Полностью Церковная позиция была обозначена на проходившем в 19171918 гг. Поместном Соборе. Выбранному на Патриарший престол святителю Тихону помимо других важнейших проблем предстояло решить вопрос о приходе, который должен был стать ядром существования Церкви, его главной ячейкой, основой возрождения религиозной жизни. Выступавший по данной проблеме известный юрист профессор Н. Д. Кузнецов дал в своем докладе определение понятие прихода:
Приходом в Православной Церкви называется общество православных христиан, состоящее из клира и мирян, пребывающее на определенной местности и объединенное при храме, составляющее часть епархии, находящееся в канонических отношениях к своему епархиальному епископу, под руководством поставленного последним священника-настоятеля [4, с. 50].
Однако приход к власти большевиков внес значительные изменения в политическую и идеологическую систему России. Позиция нового правительства по отношению к Церкви была сугубо враждебной. Еще в 1905 г. В. И. Ленин в статье «Социализм и религия» отмечал: «Религиозные общества не должны быть связанны с государственной властью» [9, т.??, с. 143]. По его мнению, большевикам надо полностью порвать с тем периодом истории, когда «русские граждане были в крепостной зависимости у государственной церкви» [9, т.??, с. 144]. Ввиду этого, если власть в какой-то мере и поддерживала общины верующих, то только лишь исходя из идеи противопоставить их священнослужителям. Церковь виделась ей не единым институтом верующих, подчиненным высшим духовным структурам, а комплексом разрозненных общин граждан, удовлетворяющих свои религиозные потребности.
Основные положения такой государственной политики отражены в изданном 23 января 1918 г. декрете об отделении церкви от государства и школы от церкви. В десятой статье этого документа подчеркивалось, что все религиозные общества подчиняются общим положениям о частных обществах и союзах и не пользуются никакими преимуществами и субсидиями от государства [5, с. 374]. В двенадцатой статье декрета говорилось: «Никакие церковные и религиозные общества... права юридического лица... не имеют» [5, с. 374]. Фактически Церковь была поставлена в бесправное политическое положение.
Поместный Собор всячески противостоял реализации данного документа. Специальная комиссия под председательством протоиерея А. П. Рождественского разработала проект документа об отношении Церкви к этому декрету, где говорилось, что «декрет об отделении Церкви от государства представляет собой злостное покушение на весь строй жизни православной Церкви и акт открытого против нее гонения», а любое участие «в попытках провести его в жизнь. навлечет на виновных кары вплоть до отлучения от Церкви» [7, с. 129-130].

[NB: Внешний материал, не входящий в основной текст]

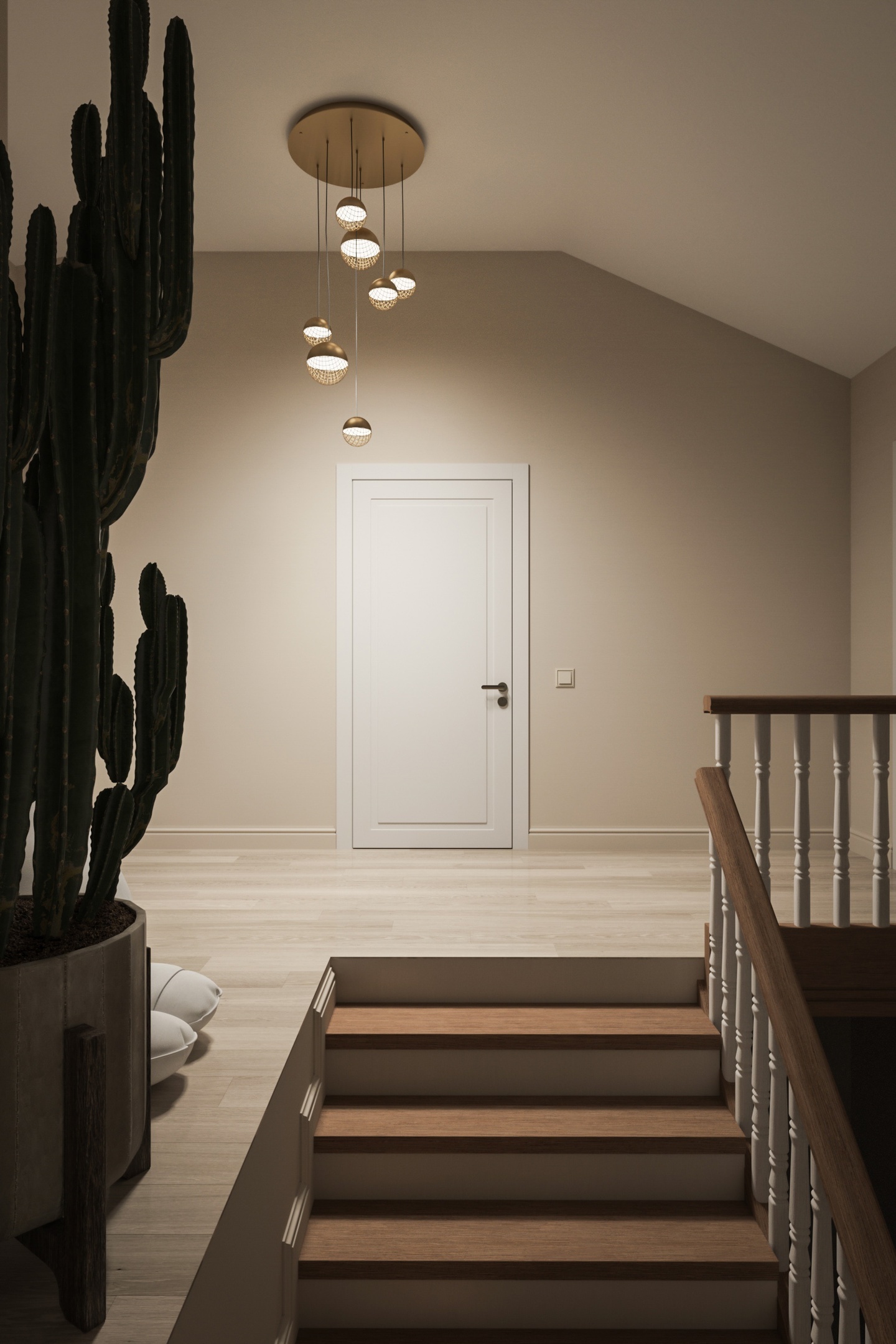 Да и в целом – хотелось добавить шика и лоска в виде жаккардовых вставок на стене, светильников из муранского стекла – чтобы создать особую атмосферу изысканности, утонченности и при этом уюта и тепла сразу при входе в дом. Ведь это главное, - когда переступаешь порог с улицы – должна быть магия с первого взгляда. А первый взгляд – на холл и лестничный пролет, что и является визитной карточкой хозяев.
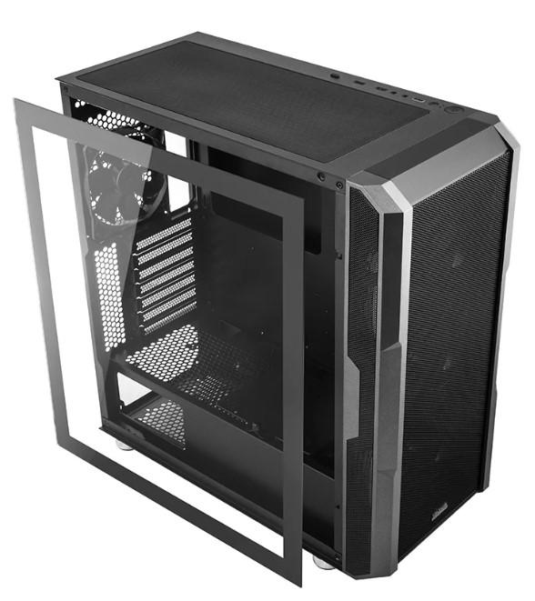 Jak przystało na konstrukcję obudowy do jednostek gamingowych, MODECOM Amirani posiada hartowane szkło z boku obudowy. Celowo zostało ono ograniczone wyłącznie do panelu bocznego, na rzecz przewiewnych paneli z siatki mesh.

В эту трудную минуту руководство Церкви обратилось к верующим,
ведь это давало ей возможность заявлять о том, что «Патриарх, иерархи могут говорить с властью с авторитетом, поскольку за ними общество, народ» [15, с. 13]. Важнейшей задачей стала организация прихода при каждой церкви. В постановлении Патриарха Тихона и Священного Синода от 28 февраля
1918 г. говорилось: «При всех приходских и безприходских церквах надлежит организовать из прихожан союзы (коллективы), которые должны защитить святыни и церковное достояние от посягательств» [16, с. 31]. Цель подобных объединений четко высказывали сами верующие: «Нас православных очень много, но мы плохо чувствуем связь между собой. И поэтому мы слабы, и люди, отступившиеся от Бога, и презирающие Церковь Христову делают что хотят» [17, с. 2]. Перед всеми православными христианами должна быть поставлена основная задача: «...сговориться друг с другом, найти собрата, сблизиться с ним» [17, с. 2]. Подобные мысли привели не только к усилению существовавших при храмах общин, но и созданию различных межобщинных объединений, братств, союзов.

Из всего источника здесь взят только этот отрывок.